Andrea Cavelti: Wir wussten gar nicht, wie viele Familien es gibt, die sich in einer ähnlichen Lage befinden. Man kriegt es gar nicht mit, man lebt in dieser anderen Welt, dieser normalen Welt. Und das ist auch richtig so. Aber sobald man so ein spezielles Kind hat, merkt man, was es für Schicksale gibt. Der Kontakt mit betroffenen Familien ist wertvoll, man hat viele Gemeinsamkeiten, auch wenn die Geschichten jeweils anders sind. Aber die Themen sind gleich, und auch die Schwierigkeiten – zum Beispiel mit den Ärzten oder der IV – sind oft ähnlich.

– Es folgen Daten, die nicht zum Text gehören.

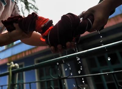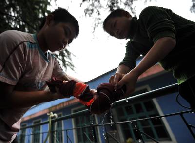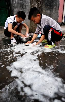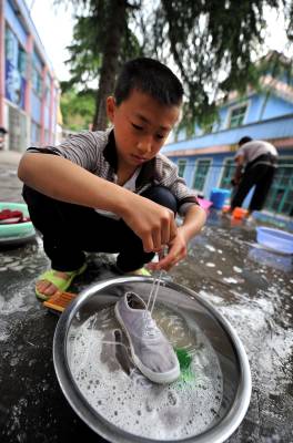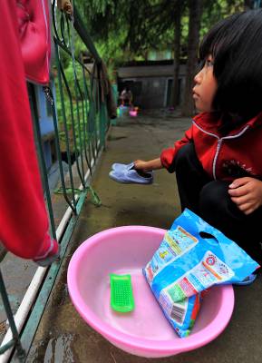 9日,宣恩县馨澳文武学校的孩子们正在利用星期天洗衣裤鞋袜。这些孩子大多来自农村,其中许多孩子的父母在外务工。她们当中大的十一二岁,小的才七八岁,但是她们都已在老师的辅导下学会了生活自理,学会了相互协作,也学会了独立处理生活中遇到的困难和问题。而这一切,正是如今教育体系中所缺少的重要内容。(视界网签约摄影师:宋文摄)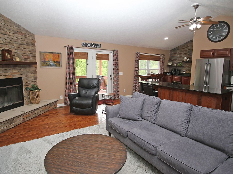 Motivated Seller! Nestled on just over an acre in the quiet countryside of Lexington, this beautifully maintained ranch with walkout basement offers the perfect blend of serenity, space, and smart design. Tucked among mature trees, yet only a short drive to conveniences. Inside, the heart of the home is the open-concept kitchen, where an impressive eight-foot island invites family and friends to gather. Stainless steel appliances, a dedicated coffee/wine bar, and a discreet hallway appliance closet speak to both function and finesse. Separate formal dining area. The cozy living area is anchored by a fireplace which flows out onto the deck. When it's time to unwind, the spacious primary suite feels like a getaway of its own. With a grand 18x14 layout, two oversized walk-in closets, and a jetted tub. Every inch of this home has been carefully considered from the maple hardwood and ceramic tile upstairs to the LVT flooring below. You'll find two separate two-car garages: one on the main level and another on the lower level with soaring 10-foot ceilings, pull-down stairs to the attic, extra insulation for sound proofing. The basement is wired for additional lighting and plumbed for gas utilities.. Offering future custom use. Step outside to enjoy peaceful mornings on the deck or gather around on the spacious patio below. Whether you're a hobbyist needing workshop space, craving room to roam, or simply seeking a peaceful place to call home, this property delivers. Schedule your appointment today!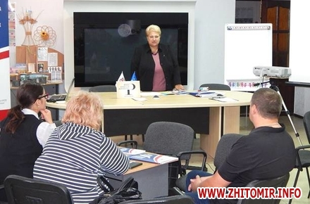 «На базі Житомирського обласного центру зайнятості 7 вересня розпочався дводенний тренінг із розвитку самозайнятості додатково сформованої групи з числа внутрішньо переміщених осіб. Директор обласного центру зайнятості Галина Корінна зазначила, що з початку військового конфлікту в Україні до центрів зайнятості Житомирщини за сприянням у працевлаштуванні звернулись майже 1500 тисячі мешканців Криму, Луганської і Донецької областей, на сьогодні потребують допомоги ще 85 таких громадян. Під час занять спільно з бізнес-тренером проекту Жанною Соловйовою учасники опрацьовуватимуть власні бізнес-ідеї й розпочнуть готувати бізнес-плани, які 13 вересня мають презентувати представникам Міжнародної організації з міграції в Україні. У разі успішного захисту своїх проектів вони отримають обладнання й устаткування вартістю, еквівалентною до 625 євро», - йдеться у повідомленні.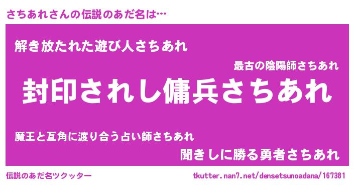 | ヒーロー風カッコイイあだ名 | 『スーパーサチアレ』『銀牙騎士サチ』 |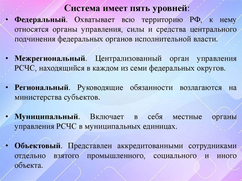 Система имеет пять уровней:• Федеральный. Охватывает всю территорию РФ, к нему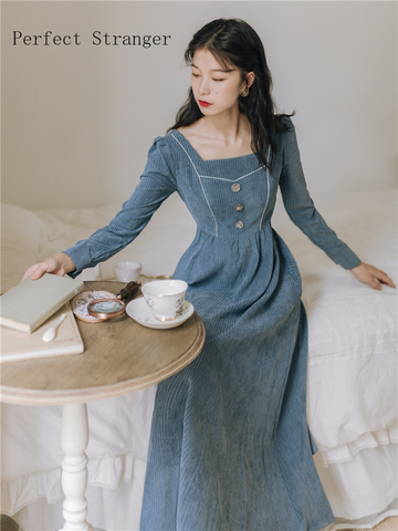 Robe longue en velours pour femme, tenue rétro à rayures et col carré, manches longues, nouvelle collection automne hiver 2022
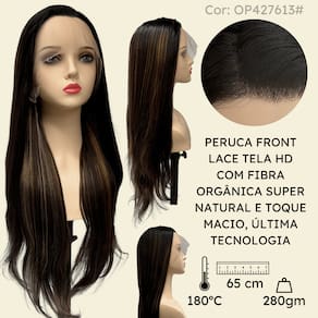 - Fibra orgânica especial; - Modelo front Lace HD; - 65cm de comprimento; - Aceita chapinha até 180º; - Possui três pentes internos para maior fixação; - Peso do produto 280gm em média; - Tamanho da peruca M (padrão) com alças internas ajustáveis.

Johannes Cavelti: Viel bringt auch der Förderverein KMSK. Der bringt betroffene Familien zusammen.
Der Förderverein KMSK hat Ihnen geholfen?
Andrea Cavelti: Ja, der stellt unter anderem einen Grundstock von Informationen zur Verfügung, so dass man sich selber helfen kann. Erst auf seiner Website habe ich zum Beispiel gesehen, dass es einen Entlastungsdienst gibt.
Johannes Cavelti: Grundsätzlich, das muss ich hier einfach mal sagen, die Möglichkeiten, die man in der Schweiz hat, die sind einfach enorm. Das lernt man in einer solchen Situation kennen. Diese Institutionen, die Anlaufstellen, das ist extrem positiv. Da sind wir sehr dankbar.